OKE virtual nodes' per-vCPU charge comes in below public list pricing in US-East for x86/Linux systems in Fargate ($0.04048) and Azure Container Instances ($0.04050).

However, pinning down an exact comparison between the total costs of these services isn't that simple. AWS, Azure and Google pricing pages break down the associated cloud resource costs such as memory, ephemeral storage and limited-duration Windows OS licensing charges, among others. These also vary by region, operating system and processor type. Additional infrastructure costs factor in to the overall cost equation for OKE users too, without the regional price variation.

Rob Strechay, founder, Smuget ConsultingRob Strechay

In addition to free resource tiers, all vendors also offer different resource prices for spot VM instances and reserved instances, further muddying the cost comparison waters.

"OCI is competing on price and SLAs that are the same as the other clouds and still complex and practically meaningless," said Rob Strechay, founder at Smuget Consulting. "Pricing at all major clouds is way too hard to figure out up front, with organizations not knowing what resources the applications they are building will use."
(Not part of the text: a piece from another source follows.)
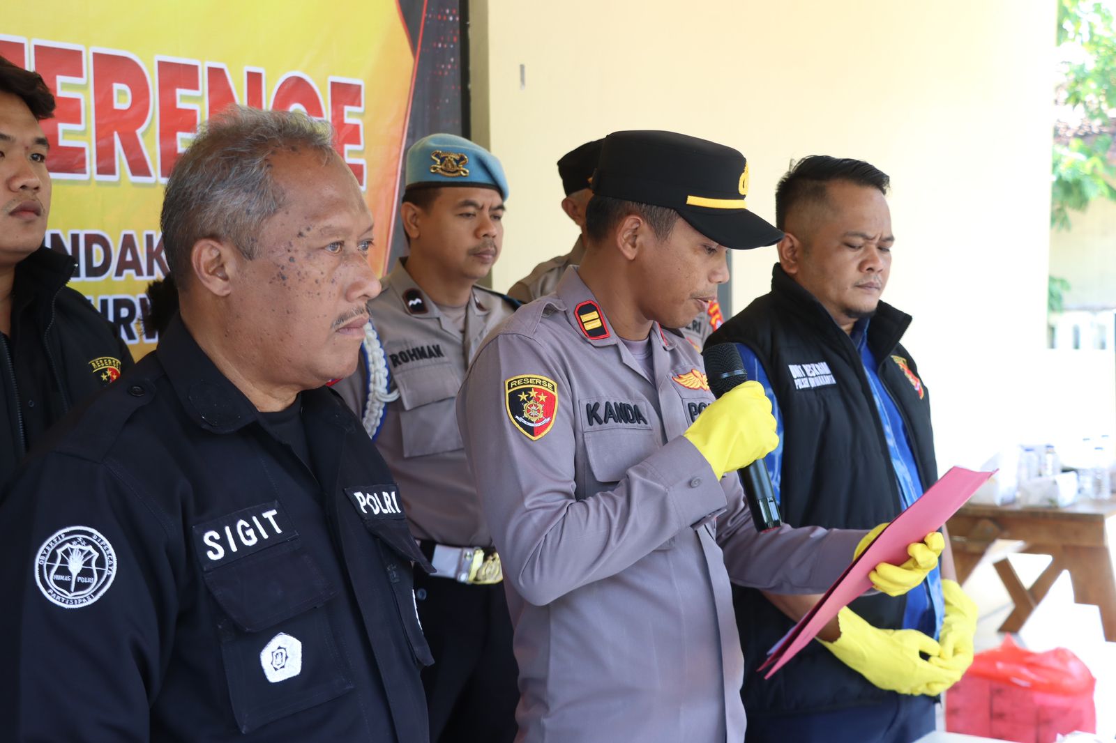 Kapolsek Purwakarta Polres Cilegon Polda Banten IPTU Sukanda .S.M Pada saat press confrence pengungkapan kasus Pencurian HP yang terjadi di alun alun kota Cilegon dalam kegiatan senam bersama hari guru nasional pada hari Senin tanggal 24 November 2025 Pelapor sedang berada di alun-alun kota Cilegon dalam rangka mengikuti kegiatan hari guru,pada saat kegiatan senam bersama, Pelapor sedang membeli makanan di salah satu stand yang ada di lapangan alun-alun tersebut, kemudian ada seseorang yang menyenggol tas ransel Pelapor yang sedang Pelapor pakai di bagian belakang badan Pelapor, lalu pada saat Pelapor duduk mau makan di sekitar stand tersebut, pelapor melihat tas ransel Pelapor dalam keadaan resleting terbuka. Ketika Pelapor mengecek isi dari tas ransel Pelapor, Pelapor tidak menemukan handphone yang sebelumnya Pelapor taruh di dalam tas ransel Pelapor tersebut/hilang, lalu Pelapor dan teman Pelapor Sdr Amirudin mencari keberadaan HP Pelapor yang hilang tersebut, kemudian ada 1 (satu) orang yang Pelapor dan Sdr. Amirudin curigai karena tidak memakai kostum yang seragam dengan peserta yang lainnya, Ketika Pelapor mencurigai 1 (satu) orang tersebut, orang tersebut jalan cepat dan berlari menuju kebelakang kolam air mancur, lalu Sdr. Amirudin melaporkan kepada salah satu anggota polisi yang sedang melakukan pengamanan di sekitar alun-alun tersebut bahwa ada yang dicurigai menjadi pelaku pencurian tersebut. Kemudian ada beberapa anggota polisi yang ikut melakukan pengejaran terhadap terduga pelaku tersebut dan akhirnya terduga pelaku tersebut berhasil diamankan dan di bawa ke pos security, setelah sampai di pos security tas terduga pelaku di buka ternyata benar ada HP Pelapor yang dicuri oleh orang tersebut. Dengan kejadian tersebut pelapor mengalami kerugian sebesar RP 2.600.000 (dua juta enam ratus ribu rupian) dan selanjutnya melaporkan ke Polsek Purwakarta Polres Cilegon Polda Banten

OKE competition remains powerful

OKE has thousands of users to date, Kumar said. Overall, however, Oracle Cloud remains an underdog: AWS customers number in the millions, while Oracle overall has 430,000 customers, accounting for $42 billion in revenue for fiscal 2022. Oracle Cloud services and license support revenues were $30.2 billion. Cloud license and on-premise license revenues were $5.9 billion. AWS reported $80 billion in revenue for 2022.

But Oracle has a long track record as a software vendor specializing in mission-critical applications, Strechay said, which means these updates could make OKE more enticing for its existing customer base.

"For companies still using an Oracle database as the back-end data repository, it makes sense that they might need to modernize the front-end application," he said.

Pricing at all major clouds is way too hard to figure out up front, with organizations not knowing what resources the applications they are building will use.
Rob StrechayFounder, Smuget Consulting

Oracle claims OKE imposes less potential vendor lock-in than its major competitors because it's based on a standard upstream Kubernetes distribution, to which Oracle has contributed heavily, along with upstream Kubernetes operators.

Oracle also touts OKE's ease of use. But users have to pay for enhanced clusters to get a supported dashboard alongside other managed add-ons such as database operators, CoreDNS and Kube-proxy, Strechay noted.

"It would seem that if they were truly going to make ease of management a hallmark of [OKE], the dashboard would be included," Strechay said. "Having a managed Kubernetes service is table stakes. And they are still behind in the cloud."